[TUHS] Memory management in Dennis Ritchie's C Compiler

John Cowan cowan at ccil.org
Thu Aug 27 01:41:21 AEST 2020

On Wed, Aug 26, 2020 at 9:25 AM Doug McIlroy <doug at cs.dartmouth.edu> wrote:

I hadn't heard this urban legend before. A stack is certainly
> manageable without auto-increment/decrement (AID) instructions.

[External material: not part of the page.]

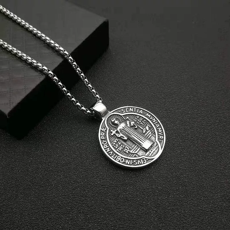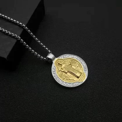 European and American St. Benedict’s exorcism card double-sided pendant necklace titanium steel cast gold-plated non-fading round card personalized pendant trend
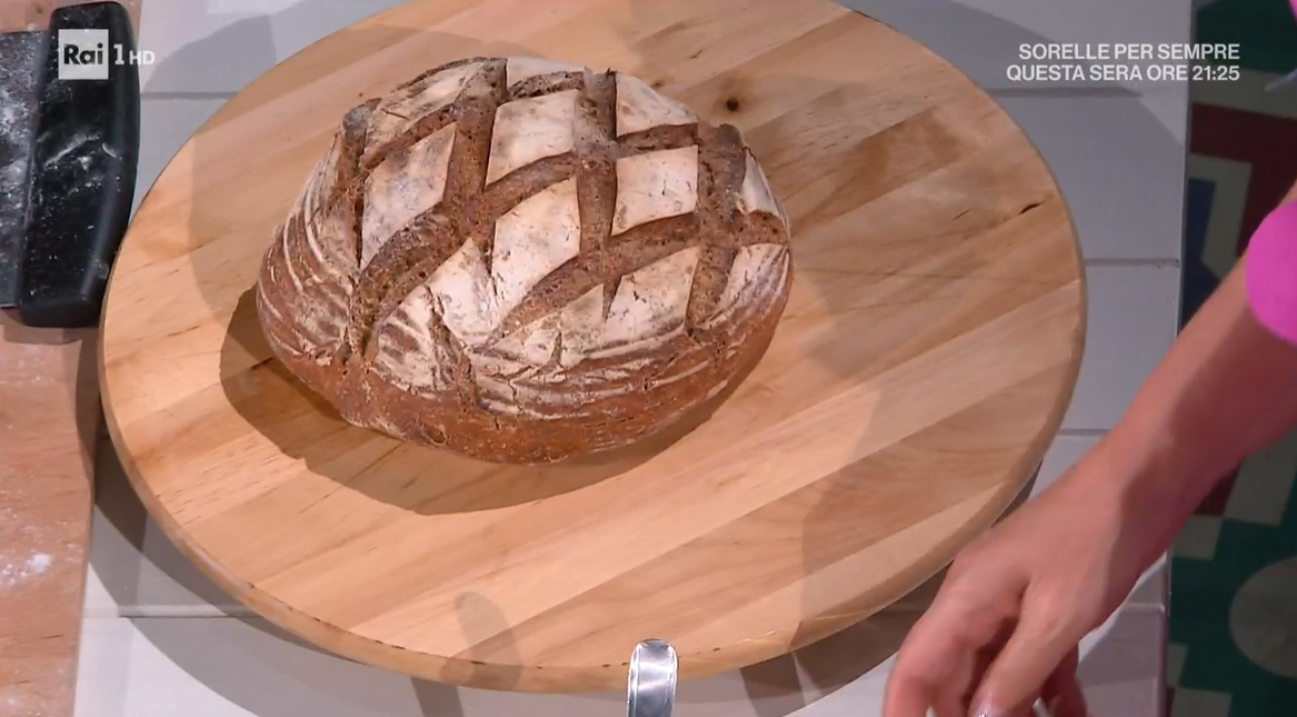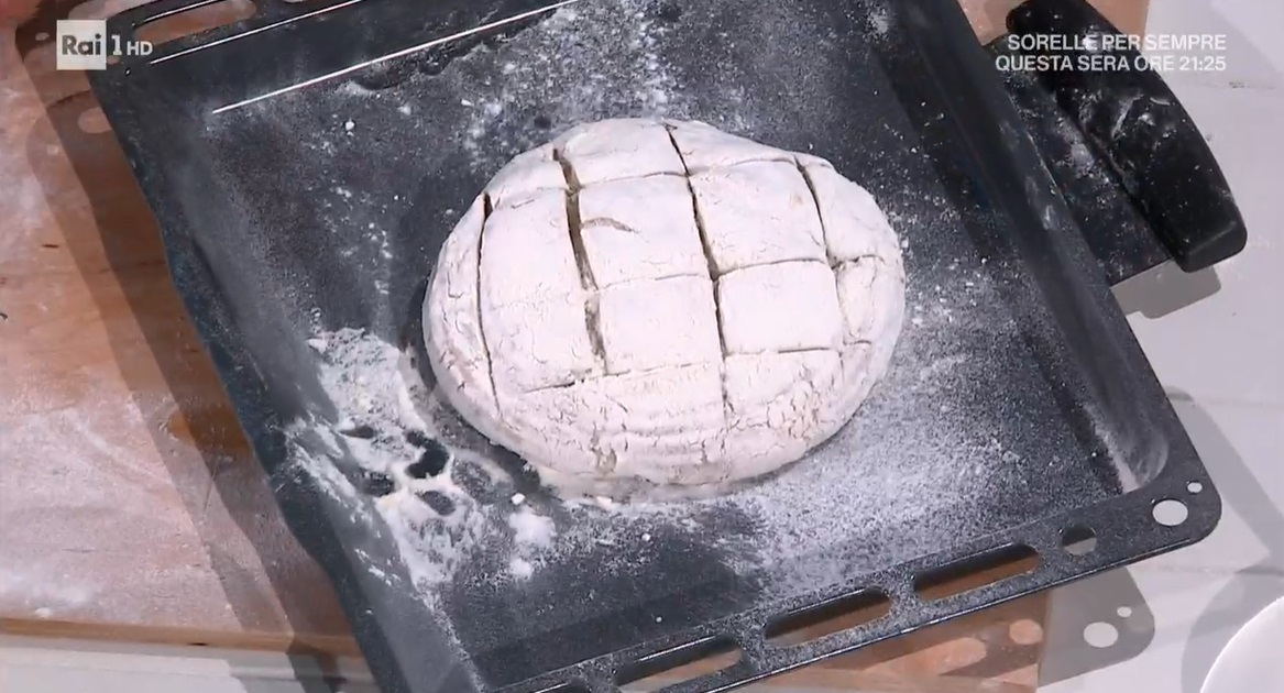 Dividiamo l’impasto lievitato in due parti e formiamo due pagnotte, senza ripiegarle eccessivamente: non dobbiamo sgonfiarle. Le inseriamo all’interno di due cestini per pane infarinati. Copriamo e lasciamo lievitare ancora 2 ore a temperatura ambiente.

Absolutely.  I should have qualified my remarks by saying "when writing in
assembly language", which was the universal language of all PDP-11
operating systems until Unix.  VMS adopted Bliss (which is what C would be
like if it had come to us through a different dharma line[*]) as its
principal implementation language.

> But when the stack contains
> local variables that are accessed multiple times, the accesses
> are offset from the stack pointer.

Or the frame pointer, which has the advantage that the callee can push
arbitrary stuff on the stack without having to explicitly account for it
later, and the disadvantage that it ties up yet another register when they
are in short supply.

[*] Don't laugh too hard: you yourself have already been mythologized in
precisely this fashion.  See <
http://www.catb.org/~esr/writings/unix-koans/two_paths.html> and <

John Cowan          http://vrici.lojban.org/~cowan        cowan at ccil.org
Mark Twain on Cecil Rhodes: I admire him, I freely admit it,
and when his time comes I shall buy a piece of the rope for a keepsake.